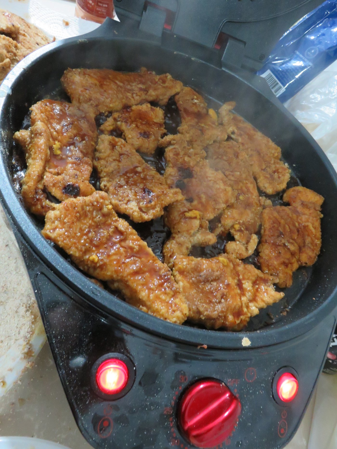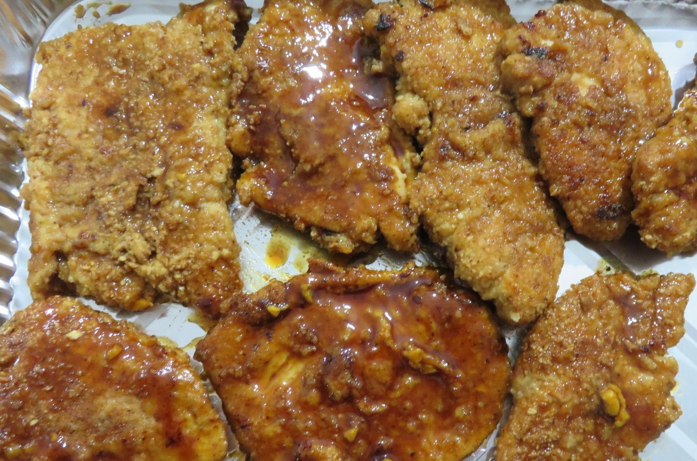 - לאחר שכל השניצלים מטוגנים, ערבבו את מרכיבי הרוטב. טבלו כל שניצל היטב ברוטב. את שאר הרוטב שפכו על השניצלים ואפו למשך 15 דקות בתנור או בשלו שוב את השניצלים עם הרוטב במכשיר הגריל.
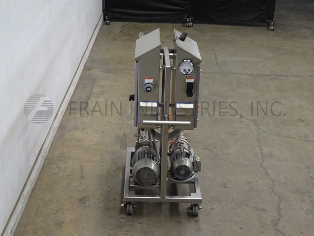 Back to All Equipment纯英奇nuity stainless steel skid mounted CIP circulation cart. Equipped with (1) Fristam model FZX2100 liquid ring pump with a 2½”OD / 2″ID Tri-clamp suction infeed and 2½”OD / 2″ID Tri-clamp discharge powered by a 3 hp drive at 1760 rpm. Skid also includes (1) FPX722-145 centrifugal pump with a 2½”OD / 2″ID Tri-clamp suction infeed and 2½”OD / 2″ID Tri-clamp discharge powered by a 7½ hp drive at 3520 rpm. Control panel with AB PLC and touch screen HMI.
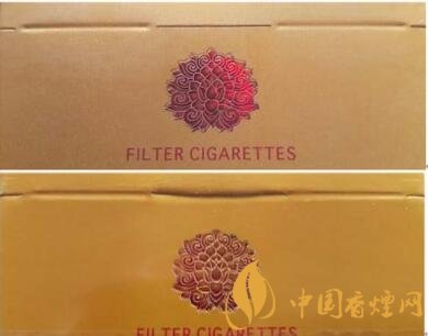 真品卷煙花團(tuán)圖案清晰、立體感強(qiáng),燙金線明亮。該款假冒卷煙圖案模糊,無立體感。
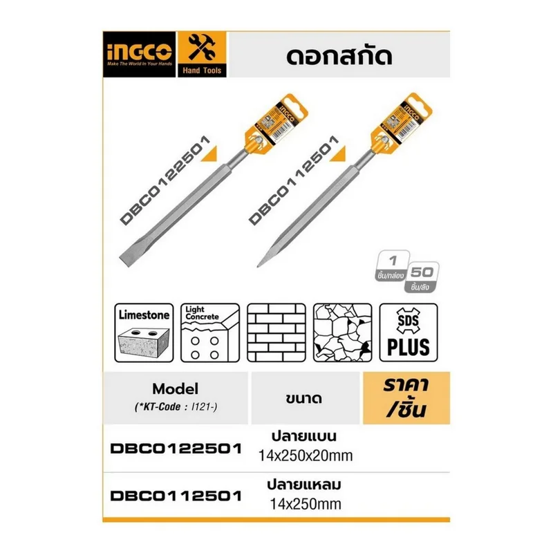 INGCO ดอกสกัดปลายแบน แกน SDS รุ่น DBC0122501 ขนาด 14x250x20 มิลลิเมตร (อิงโก้)
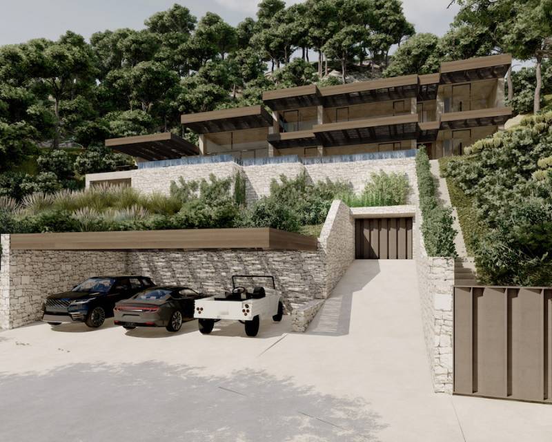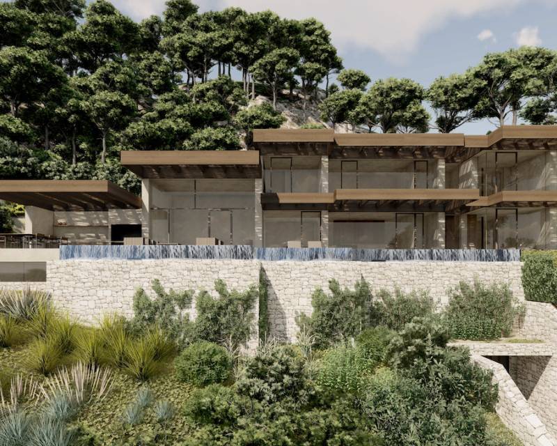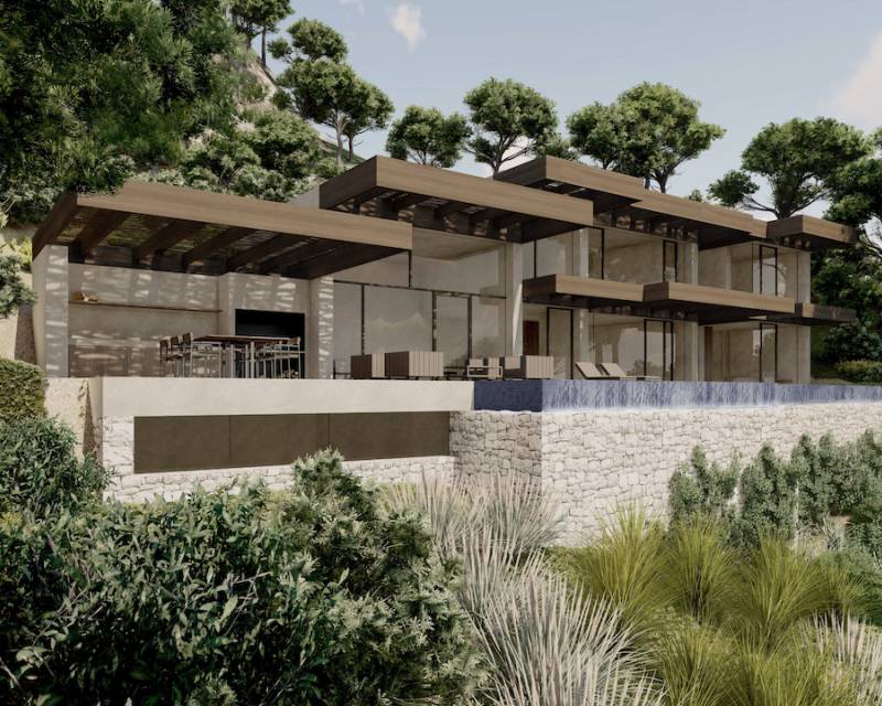 New build villa for sale in Raco de Galena Project for a designer villa with spectacular panoramic sea and mountain views, located in a very quiet area. The villa is distributed over 4 floors, all connected by interior stairs and lift. On the basement floor is a very spacious garage and a hall with access to stairs and lift. On the next level is a huge multi-purpose area. The ground floor comprises: bedroom with an ensuite bathroom, guest cloakroom and a spacious lounge-diner with a fully equip...

== == ==

§ **TRY IT**: Print exactly the lines from the line with "真品卷煙花團(tuán)圖案" through the end of the data, both ends included, and print no pictures.

§ **WRITTEN SOLUTION**:
 真品卷煙花團(tuán)圖案清晰、立體感強(qiáng),燙金線明亮。該款假冒卷煙圖案模糊,無立體感。
 INGCO ดอกสกัดปลายแบน แกน SDS รุ่น DBC0122501 ขนาด 14x250x20 มิลลิเมตร (อิงโก้)
 New build villa for sale in Raco de Galena Project for a designer villa with spectacular panoramic sea and mountain views, located in a very quiet area. The villa is distributed over 4 floors, all connected by interior stairs and lift. On the basement floor is a very spacious garage and a hall with access to stairs and lift. On the next level is a huge multi-purpose area. The ground floor comprises: bedroom with an ensuite bathroom, guest cloakroom and a spacious lounge-diner with a fully equip...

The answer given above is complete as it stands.